While this is Pillow’s first job as a head coach, it’s her second time coaching in Florida. She started her coaching career in Tampa at USF as an assistant. Then she went on to take a similar position at Hofstra University in Long Island, N.Y. She also spent time as an assistant at Kentucky before going to MTSU.
Pillow played college basketball for legendary coach Pat Summitt at the University of Tennessee. While she was there, the Volunteers won four SEC championships and appeared in NCAA tournament final four twice.
As she has done everywhere she’s coached, Pillow said she is bringing a lot of what she learned from Summitt to FAMU.

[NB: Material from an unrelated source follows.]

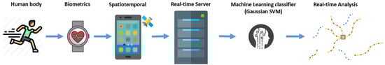 The purpose of real-time spatial analysis in monitoring panic conditions is supported by a data model as in [16], represented in Figure 3. This model processes streaming data containing spatiotemporal and biometric information collected from wearable devices and smartphones. As stated in the previous section, a Gaussian SVM machine learning classifier is utilized to distinguish between normal behavior and panic conditions, assigning the SPI values of 0 and 1, respectively. The resulting categorization labels the data as either Points of No Interest or Panic Points.
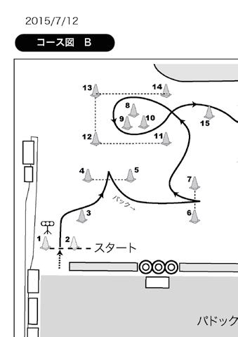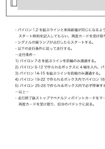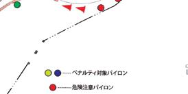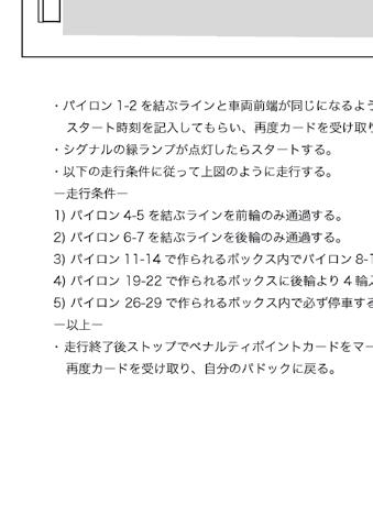 1台出走のためやや長めの設定となった決勝コ ースは、スタート地点から最下段のソックスコーナ ーまでS字を描くように往復する設定で、途中で タイトなシケインを設けたり、タコツボを逆走で使 ったり、ゴール直前には難しい位置に規制パイロ ンを設置するなど、地元有利にならないテクニッ ク重視の配置となっていた。

“A lot of people when they see Pat on game day, it’s intense and practices were intense as well,” Pillow said. “But off the court there was a whole other side to her and that’s something that I’m definitely going to take on to these young women that I’ll be coaching.”
The challenge for Pillow is to turnaround a program that had a 6-21 season last year. That she said could change with the right mindset and player development.
“I can’t predict the future,” said Pillow, who vowed to turn the Rattlers into an up-tempo team. “I would like to say that we are going to turn it around fairly quickly as long as we have players that buy in, but it’s just a whole bunch of variables. You don’t know but we are going to work hard. I guarantee that.”
Turning the program around obviously will require recruiting top talent. She doesn’t just want the best mid-major players, either.
“All those big-time D-I players, I’m going to go out there and recruit them,” she said. “That could just start the snowball effect. Get one and another and then we’re at the top competing at the highest level.”